G.K. Chesterton was one of the first to observe the way in which this point, and hence the story itself, worked. He noted that the ‘real stab of the story’ is ‘not in the discovery that the one man is two men; but in the discovery that the two men are one man’.4 And it was this discovery that prompted Jekyll the experimental physician to take a leap into the unknown, into the realm of possibility where science might be able to work for the benefit of humankind. Because, he reasoned, if this duality could be prised apart, would not progress be possible? ‘If each, I told myself, could but be housed in separate identities, life would be relieved of all that was unbearable.’ (43) The just and the unjust could be dissociated and go their different ways. This was his ‘beloved daydream’: to improve on man’s condition.

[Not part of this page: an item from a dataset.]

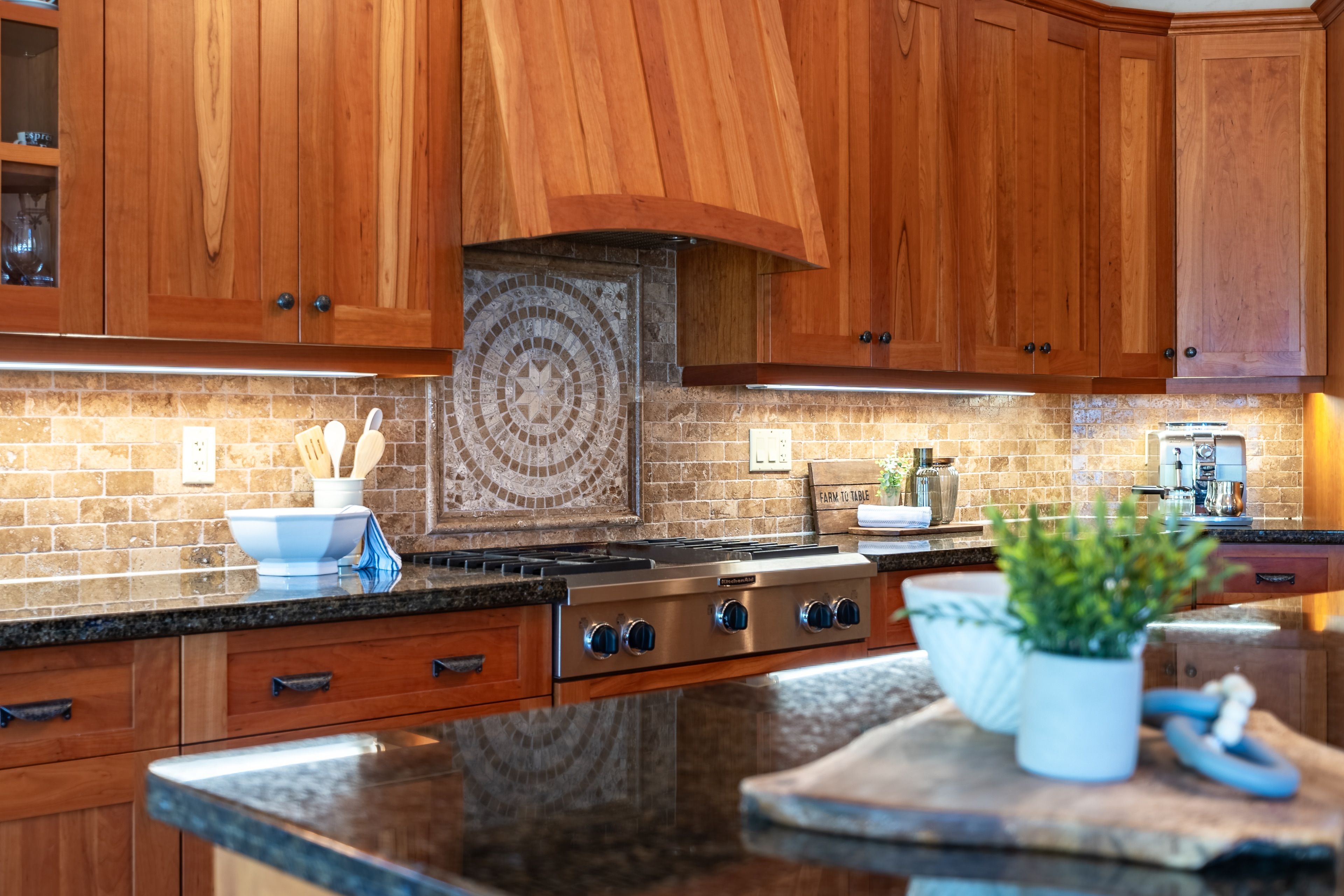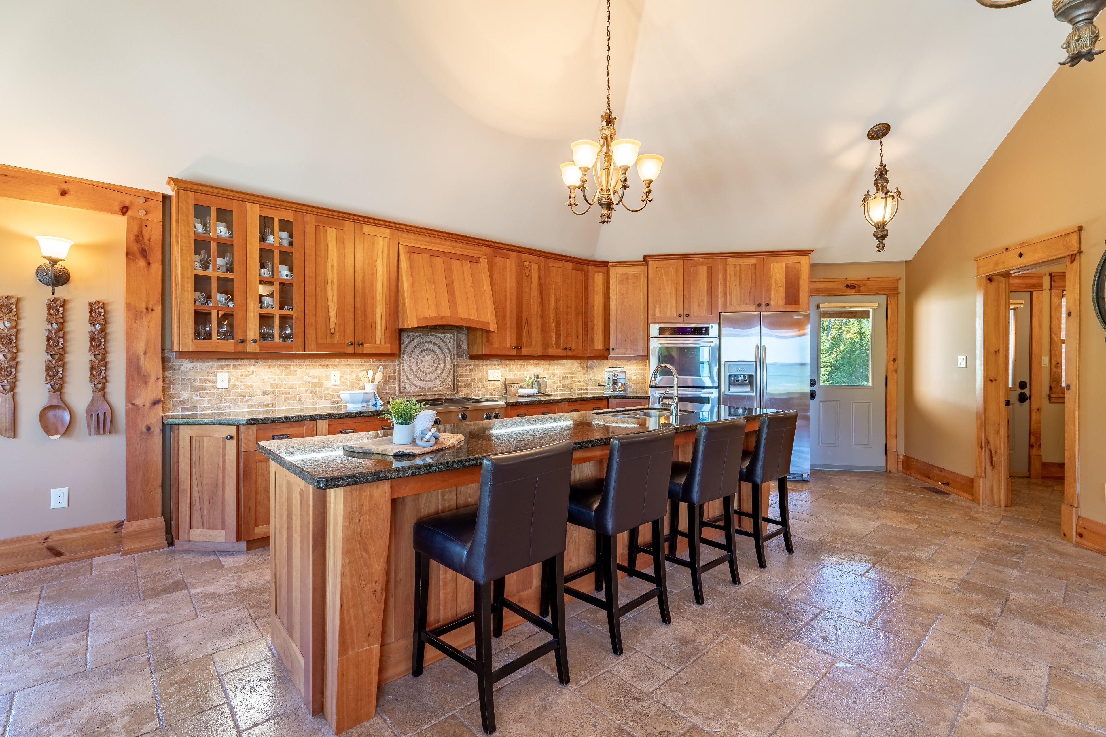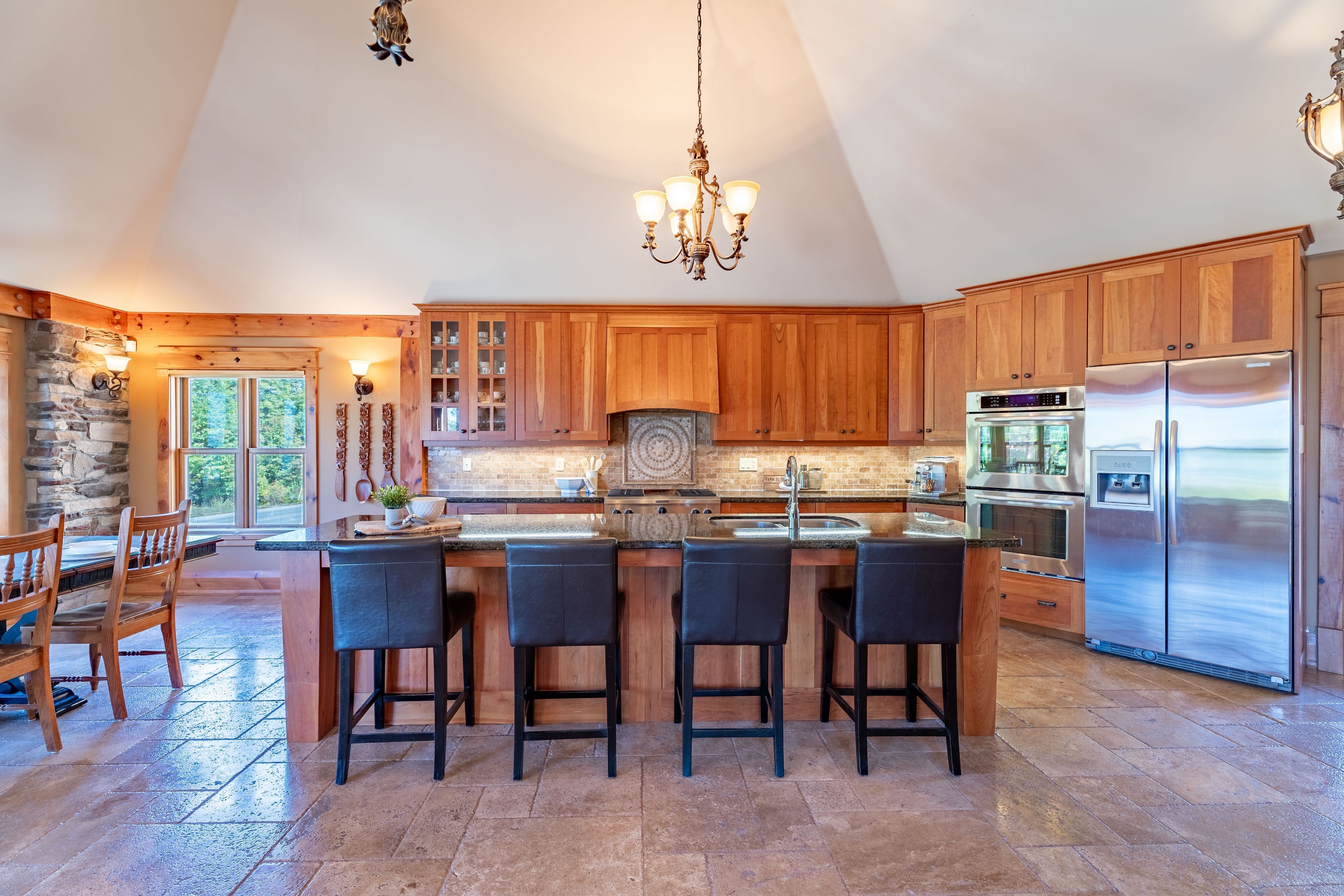 • Impressive chef's kitchen featuring a large granite island and premium appliances.
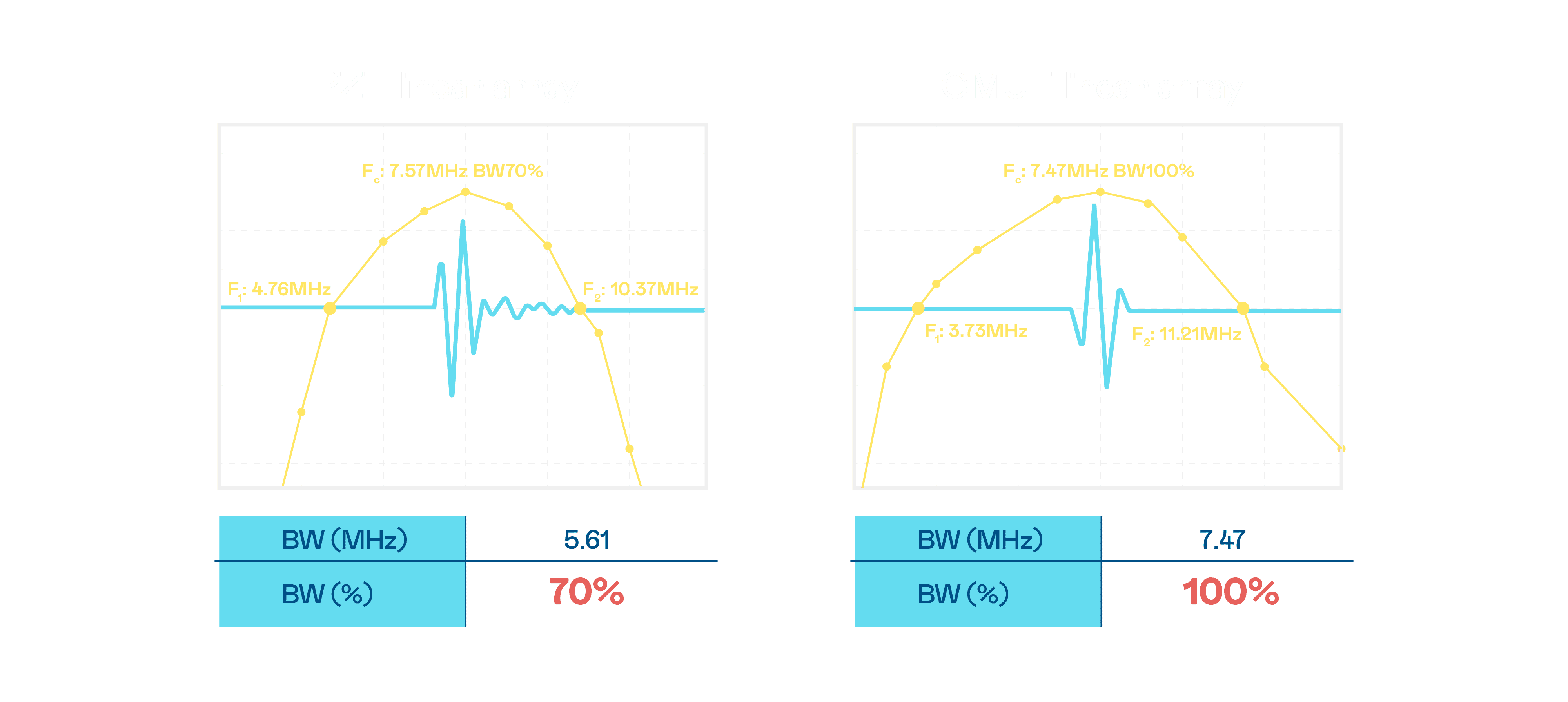 超音波影像的解析度高低,,,首先取决于探头能发出的讯号频宽。。。z6尊龙 CMUT 可提供高清晰的超音波讯号,,,提供高频宽、、、、高灵敏度、、、、影像纹理细节更高的超音波影像,,,,协助医护人员缩短影像判读时间及利用精准的医疗影像进行诊断。。。。

Jekyll is not a split personality in the sense that the story is often misunderstood. There is not a prior unitary subject who is split in two, and there is not straightforwardly Jekyll who is good and Hyde who is bad. The point is rather that Jekyll is Jekyll and Hyde. When Jekyll creates the drug that will transform him into Hyde, he releases ‘the evil side of my nature’ and observes that ‘This, too, was myself’. The difference was that ‘Hyde alone, among the ranks of mankind, was pure evil’. (44–5)


But let us return to the binding. Jekyll’s confession, though it is not long, contains one phrase that appears twice. The transformation into Hyde is described by Jekyll in two separate places as ‘a solution of the bonds of obligation’. (44, 51) What does this phrase mean? It contains, I will suggest, a deep trace of meaning that is central both to the text and to Stevenson’s own view of modern life. It is also, I will argue, one that is central to a particular understanding of the relation between law and life; or, in more philosophical terms, between the juridical and the ontology of human being.